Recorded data
------------------------

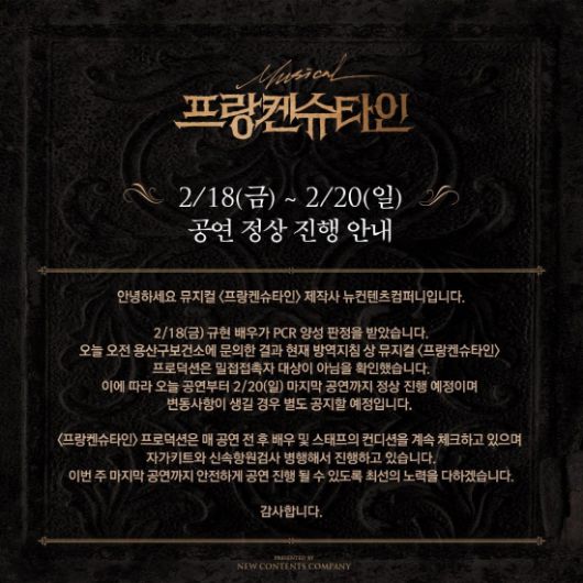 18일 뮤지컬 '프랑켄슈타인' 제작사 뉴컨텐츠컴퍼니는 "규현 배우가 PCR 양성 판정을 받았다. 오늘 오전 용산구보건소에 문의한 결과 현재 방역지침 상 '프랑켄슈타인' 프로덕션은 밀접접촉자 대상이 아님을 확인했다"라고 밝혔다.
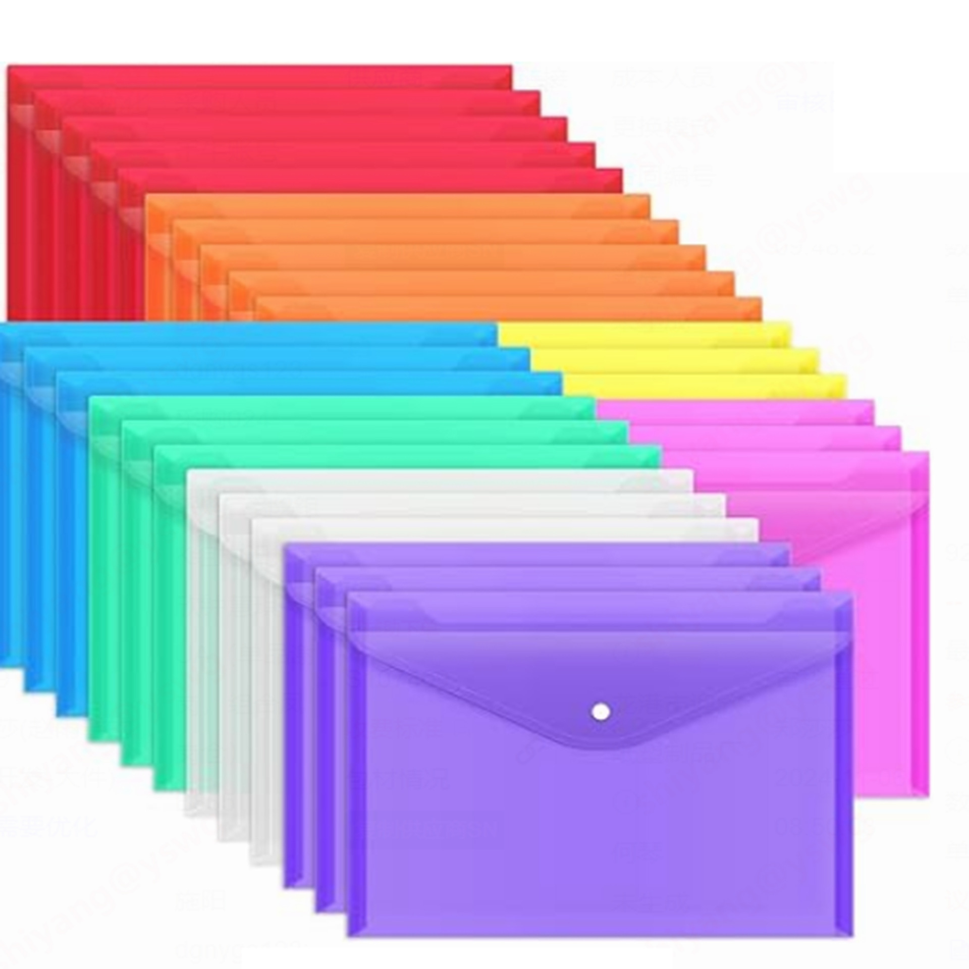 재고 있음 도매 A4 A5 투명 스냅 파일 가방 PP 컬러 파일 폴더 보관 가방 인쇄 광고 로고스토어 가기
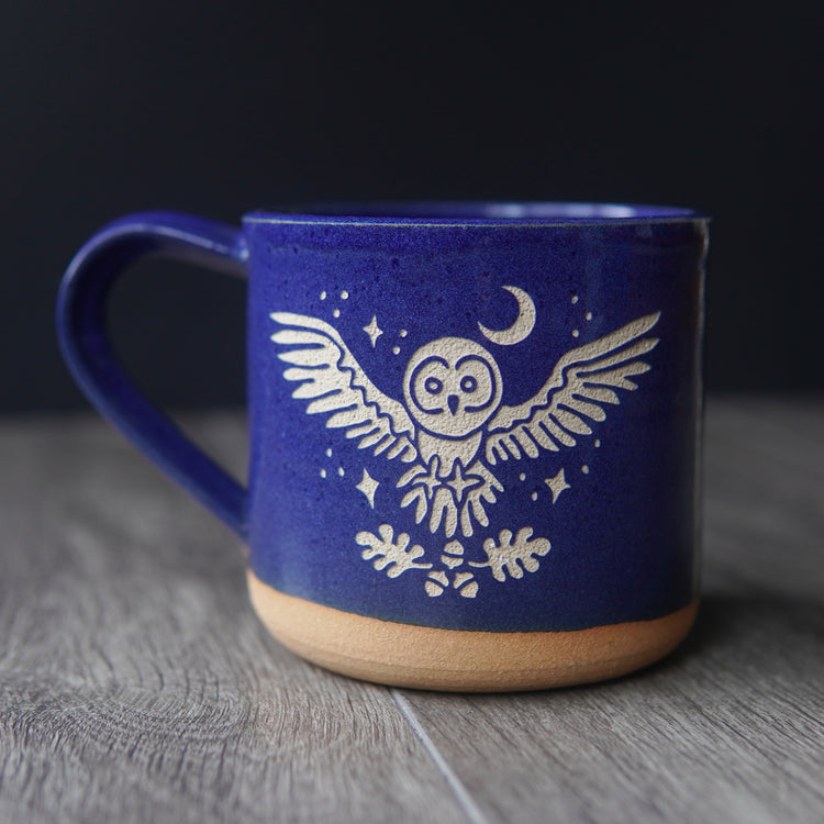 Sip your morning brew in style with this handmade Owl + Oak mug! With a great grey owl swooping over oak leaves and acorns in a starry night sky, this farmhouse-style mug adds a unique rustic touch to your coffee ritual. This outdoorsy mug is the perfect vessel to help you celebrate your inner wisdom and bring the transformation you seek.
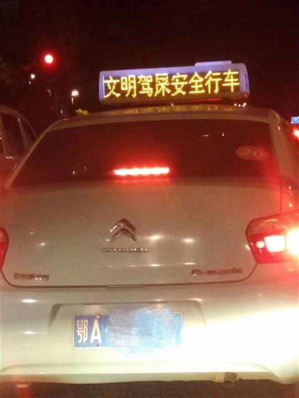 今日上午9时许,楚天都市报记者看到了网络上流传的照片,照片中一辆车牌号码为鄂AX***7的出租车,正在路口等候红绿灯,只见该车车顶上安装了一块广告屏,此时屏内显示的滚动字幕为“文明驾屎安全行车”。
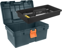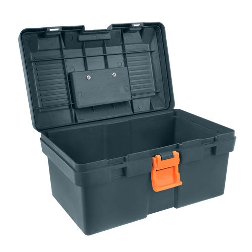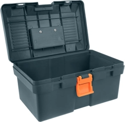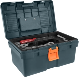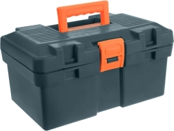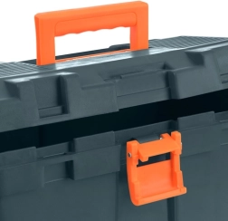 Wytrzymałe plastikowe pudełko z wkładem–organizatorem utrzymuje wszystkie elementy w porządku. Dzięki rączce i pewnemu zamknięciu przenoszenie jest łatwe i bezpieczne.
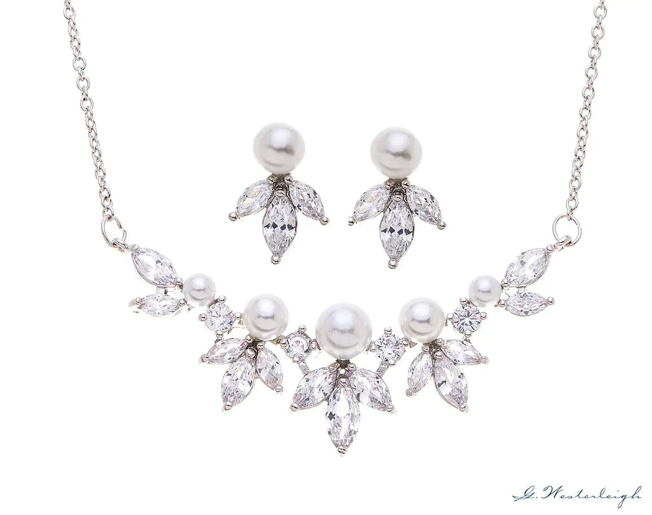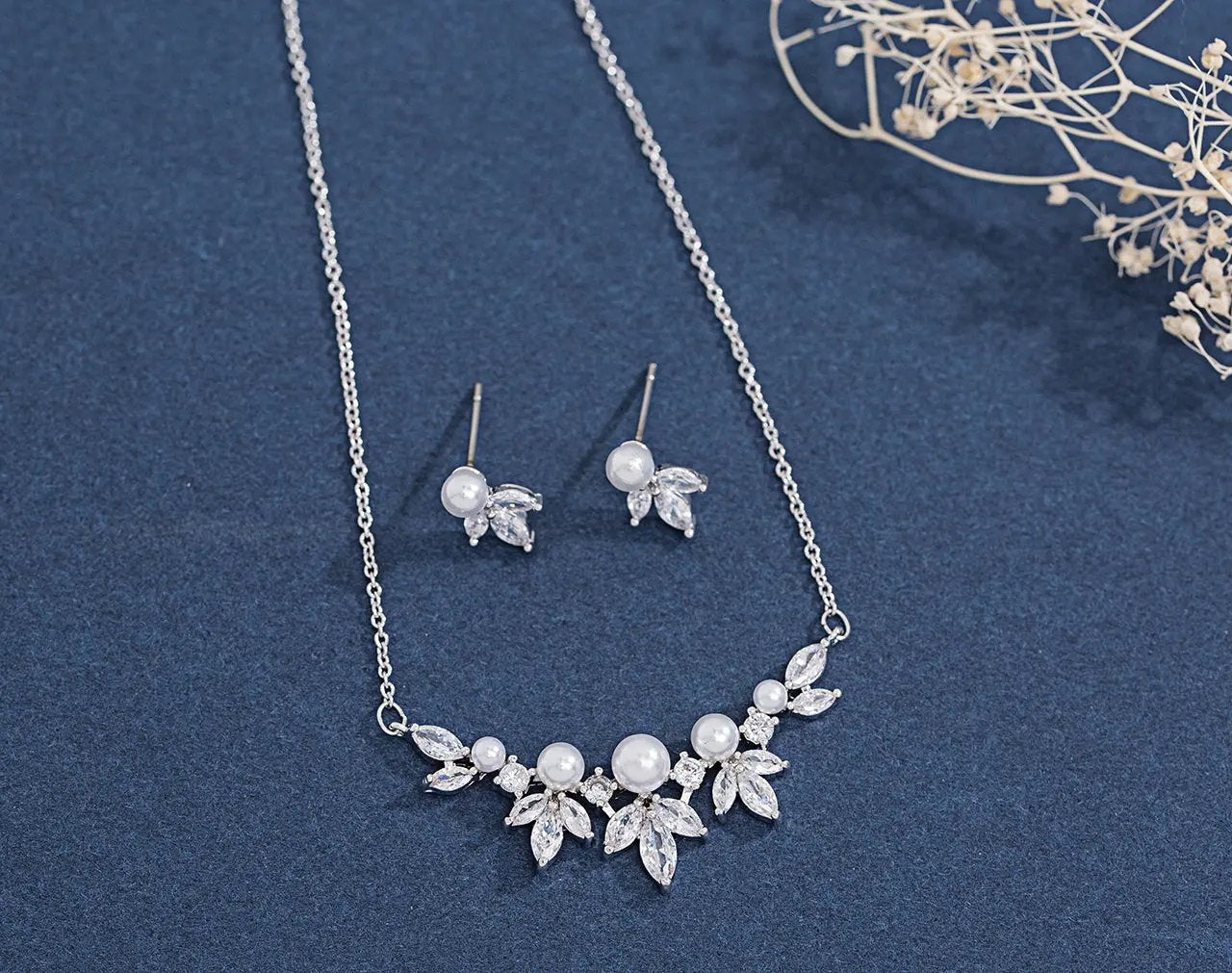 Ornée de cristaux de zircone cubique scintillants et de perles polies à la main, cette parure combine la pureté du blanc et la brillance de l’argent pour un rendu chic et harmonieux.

------------------------

#### [ASSIGNMENT]
Output the data above verbatim, pictures excluded.

#### [TASK RESPONSE]
 18일 뮤지컬 '프랑켄슈타인' 제작사 뉴컨텐츠컴퍼니는 "규현 배우가 PCR 양성 판정을 받았다. 오늘 오전 용산구보건소에 문의한 결과 현재 방역지침 상 '프랑켄슈타인' 프로덕션은 밀접접촉자 대상이 아님을 확인했다"라고 밝혔다.
 재고 있음 도매 A4 A5 투명 스냅 파일 가방 PP 컬러 파일 폴더 보관 가방 인쇄 광고 로고스토어 가기
 Sip your morning brew in style with this handmade Owl + Oak mug! With a great grey owl swooping over oak leaves and acorns in a starry night sky, this farmhouse-style mug adds a unique rustic touch to your coffee ritual. This outdoorsy mug is the perfect vessel to help you celebrate your inner wisdom and bring the transformation you seek.
 今日上午9时许,楚天都市报记者看到了网络上流传的照片,照片中一辆车牌号码为鄂AX***7的出租车,正在路口等候红绿灯,只见该车车顶上安装了一块广告屏,此时屏内显示的滚动字幕为“文明驾屎安全行车”。
 Wytrzymałe plastikowe pudełko z wkładem–organizatorem utrzymuje wszystkie elementy w porządku. Dzięki rączce i pewnemu zamknięciu przenoszenie jest łatwe i bezpieczne.
 Ornée de cristaux de zircone cubique scintillants et de perles polies à la main, cette parure combine la pureté du blanc et la brillance de l’argent pour un rendu chic et harmonieux.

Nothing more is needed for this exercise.